Walworth Big Foot, coming off a 10-1 season and its first championship since 1975, has seen similar development in its star lineman, Travis Frederick. That has earned AP second-team honors for the 6-5, 305-pound junior, already a two-time Lineman of the Year in the Rock Valley Conference.

Tyler Uschan, Janesville Craig’s spectacular receiver, also joins the select group in gaining AP All-State honorable mention. That tops off a season in which the 6-2, 210-pound senior set school records with 52 receptions for 725 yards, including 13 catches for 299 yards in a game.

And the big numbers are the result of widespread talent, Craig coach Bill O’Leary said.

“Tyler’s got all the tools necessary,” O’Leary said after Uschan moved up from second to first team in the coaches’ All-Big Eight selections. “He’s got a lot of speed, he runs good patterns and has great hands.’’

In making the all-state selections, a panel of sports writers saw the same things in Lloyd that coaches pinpointed many times.

“The people who know the game spot that ability right away,’’ Dye said of opposing coaches. “They try account for that kind of a player and go away from him, and that’s what we saw with Harold.’’

Lloyd’s awesome blocking ability might have been this first thing to catch people’s attention. This year, while helping Parker’s 6-4 team average 196 yards on the ground, he also was an equal force on defense, finishing with 38 solos among his 70 tackles and five quarterback sacks.

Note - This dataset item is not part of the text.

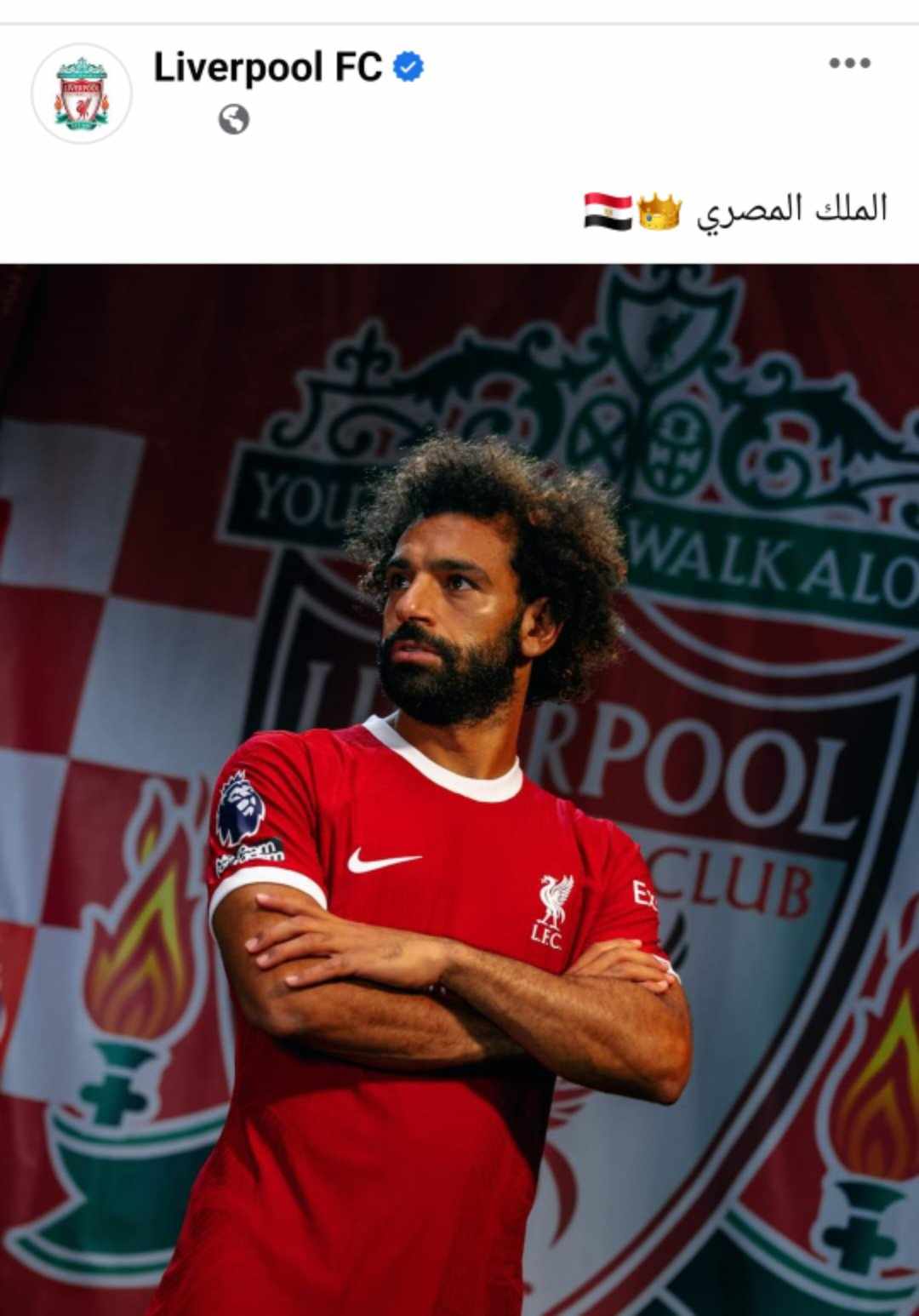 وكتب ليفربول عبر صفحته الرسمية على موقع التواصل الإجتماعى "فيس بوك"، "الملك المصري" مصحوبة بتاج ملكي وعلم مصر مرفقة بصورة لمحمد صلاح بقميص الريدز.

“He clearly had his best year on defense and still remained an effective drive blocker,’’ Dye said of Lloyd’s two-way contributions.

Lloyd’s greatest contributions, however, might have been the intangibles.

“The sign of a good player is not only playing at that level, but prompting his teammates to bring out their best,’’ Dye said. “And that’s the guy Harold was for us.

“He’s the total package, with academics to go along with football,” Dye said. “And through his work ethic, preparation and performance in a game, he truly was a person who led by example for us.’’

And it has led to numerous college possibilities for Lloyd. They include Harvard and Army, Dye said.

“He’s listening to everybody right now, as far as the recruiting process is concerned,’’ Dye said. “It’s still early, and he’s trying to sort things out. But as strong as he is academically, he’ll be able to do that.’’

Meanwhile, Dye and the Vikings can reflect on what they’re losing.

“We might be losing one player in Harold, but it’s much more than that, as far as ability and leadership,” Dye said. “I can’t say enough about the impact he has had on our program.’’

Big Foot coach Rodney Wedig says the same about Frederick, also a high honor student, who already has made major contributions in the Chiefs’ rise to a high level.

“He’s the whole package—an intelligent player with great athletic ability and good quickness for his size,’’ Wedig said. “He’s also a kid who just wants to keep getting better, and we saw a lot of that this year.

“We moved him around a lot more this year and worked on more pulling (of the offensive linemen), and he really responded. He played a huge role in our success.

“We wound up with 2,800 yards rushing by committee, and guys ran behind Travis, even though other teams knew it was coming. We were seeing all kinds of things with people trying to offset what he can do, but he just kept doing it.’’

Just the way Lloyd did it at Parker for three years.